El rostro de Celia cambió de expresión. Sus cejas se elevaron, descendiendo de nuevo. Fijó los ojos en los de la señora Oliver.
—¿Quiere usted saber si eso es cierto o no?
—No. No me interesa particularmente ese extremo. He mencionado la cuestión porque fue una de las primeras que me expuso. Ella afirmó que por el hecho de ser yo tu madrina estaba en condiciones de obtener de ti una información. Presumo que ella esperaba que conseguida por mí la misma no tendría inconveniente en pasársela.
—¿De qué información se trataba?
—Creo que no a va gustarte nada lo que pienso decirte a continuación… A mí misma me cae mal. Esa mujer fue muy descarada; se portó de una manera imperdonable. Lo que me dijo fue esto: «¿Usted podría averiguar si fue el padre quien mató a la madre o si fue ésta quien dio muerte a aquél?»
—¿Ella le hizo esa pregunta? ¿Ella le pidió que hiciera eso?
—Sí.
—¿Y no la conocía a usted personalmente?
—No, en absoluto. Jamás habíamos cruzado una palabra, hasta aquel momento.
—¿Y no le pareció sorprendente su pregunta?
—¿Que si me pareció sorprendente? Con sus palabras me produjo un verdadero sobresalto —afirmó la señora Oliver—. Se me antojó una mujer odiosa…
—Lo es, en efecto.
—¿Y tú piensas casarte con su hijo?
—Hemos considerado ya esta cuestión. No lo sé… ¿Usted sabía de qué le estaba hablando?
—Yo sabía todo lo que podía saber una persona que ha tenido relación con tu familia.

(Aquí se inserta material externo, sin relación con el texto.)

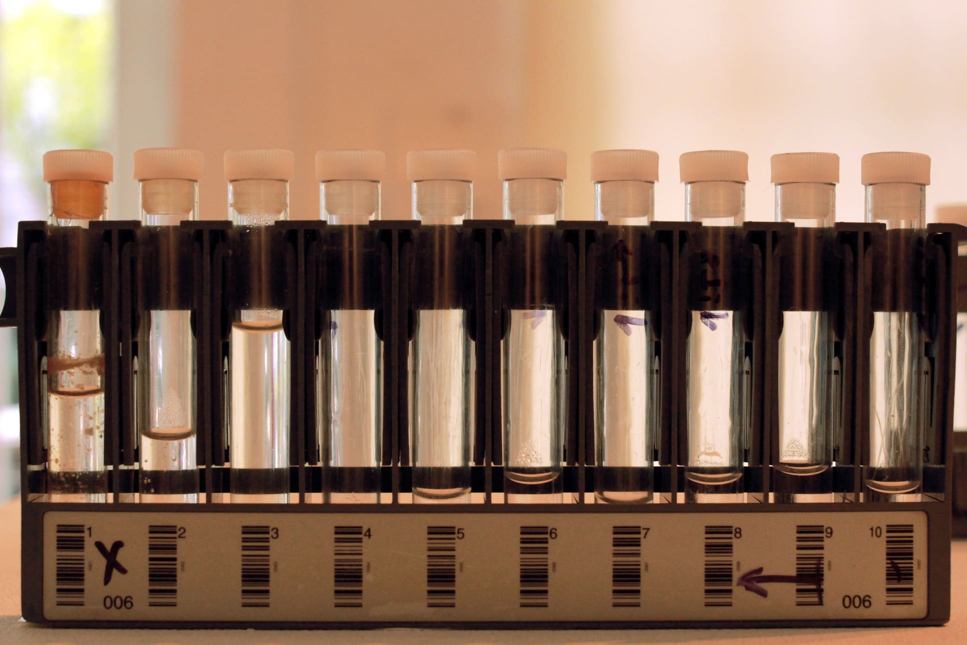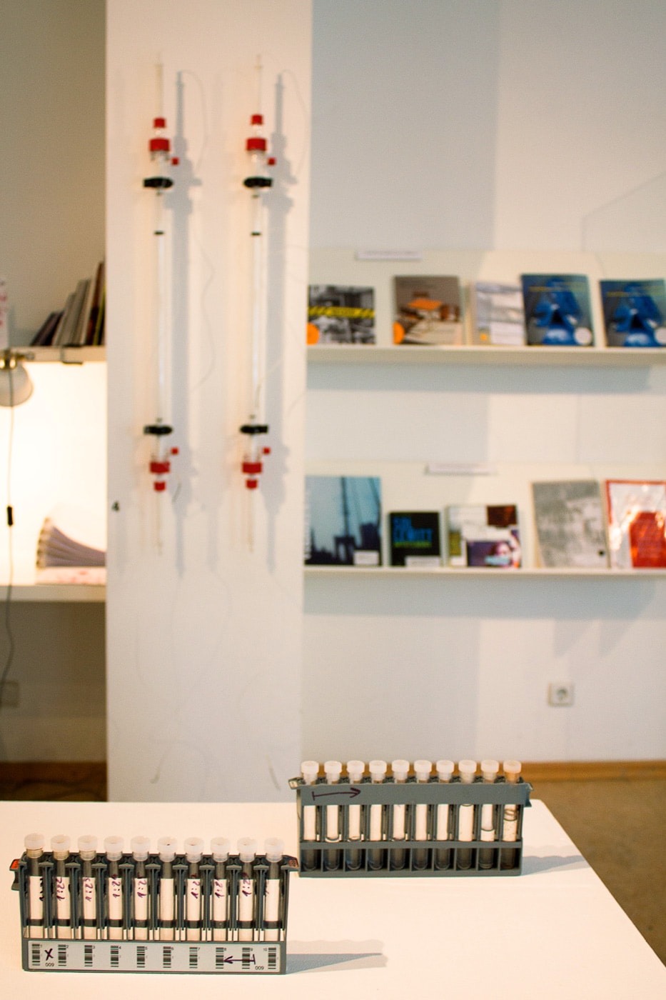 Die beiden Objekte an der Ausstellungswand nutzt man in der Biochemie üblicherweise als Proteinsäulen, doch in Smrekars Installation dienen sie als Serotoninfilter: die mit „K9“ und „M7“ beschrifteten Rohre wurden für das individuelle Filtern des Serotonin der Thrombozyten von Smrekar und diejenigen ihres Hunds genutzt. Auf dem Podest stehen verschiedene Geruchsderivate des Metabolismus von Mensch und Hund. Die organische chemische Substanz Indol, in der Parfumindustrie häufig verwendet, stellt (wie das Tryptophan) das letzte Derivat bei der Serotonin-Gewinnung dar (und findet man nicht nur im Gehirn, sondern auch bei Blumen). Hier ist es die Mischung von Smrekar’s und Byrons Serotonin, synthetisiert mit Indol.

—Después de retirarse del ejército, mi padre compró una casa en el campo, a la que se fue a vivir con mi madre. Un día salieron a dar un paseo, juntos, por las inmediaciones de una escarpadura. Sus cadáveres fueron encontrados allí. Hallaron un revólver en el lugar. Pertenecía a mi padre. Al parecer, él guardaba dos en la casa. ¿Fue un doble suicidio aquello? ¿Mató mi padre a mi madre, suicidándose a continuación, o bien disparó ella sobre él antes de volver el arma contra sí misma?… Bueno, es posible que esté usted enterada de toda la historia.
—La conozco, en cierto modo —declaró la señora Oliver—. La tragedia ocurrió hace unos años, me parece.
—Hace doce años, aproximadamente, sí.
—Por entonces, tú contarías trece o catorce años, ¿no?
—Sí…
—No conozco muy a fondo el caso —aseguró la señora Oliver—. Ni siquiera estaba en Inglaterra por aquellas fechas. Me encontraba en América, con motivo de unas conferencias. Simplemente: me enteré por los periódicos del suceso. La prensa publicó una cuantas informaciones… Nadie daba con un móvil. Tus padres siempre se habían llevado bien, siempre habían vivido muy felices. Recuerdo que se mencionó eso. Yo había conocido a tus padres bastantes años atrás, especialmente a tu madre. Fuimos al mismo colegio. Después, nos separamos. Yo me casé. Ella también. Pero se fue a vivir al extranjero, no sé a dónde… A Malaya, me parece. No obstante, me dijo que tenía que ser la madrina de uno de sus hijos. Tú. Por el hecho de vivir tus padres fuera del país, nos vimos en pocas ocasiones durante muchos años. A ti te conocí por casualidad, puede decirse.
—Sí. Usted me llevaba al colegio o iba a buscarme a él, a la hora de la salida. Me acuerdo de eso bien. También recuerdo las golosinas con que me obsequiaba. Y disfruté mucho con las comidas suyas.
—Eras una criatura fuera de lo corriente. Te gustaba el caviar.
—Todavía me gusta, aunque no tengo la suerte de que me lo ofrezcan tan a menudo como entonces.
—Ya puedes imaginártelo: me quedé de piedra al leer aquello en los periódicos. Un caso raro, sí. No existía un móvil determinado. No había habido una riña, nada que sugiriera un ataque realizado por una tercera persona. Sufrí una tremenda impresión… Luego, pasó el tiempo… Pensé alguna que otra vez en la tragedia, preguntándome qué podía haber dado lugar a ella, sin dar, naturalmente, con una respuesta razonada. Todo eran suposiciones. Proseguí mi excursión por América, olvidando momentáneamente aquel asunto a causa de mis cotidianos quehaceres. Varios años más tarde, te vi, pero claro, no te hablé de aquel terrible enigma.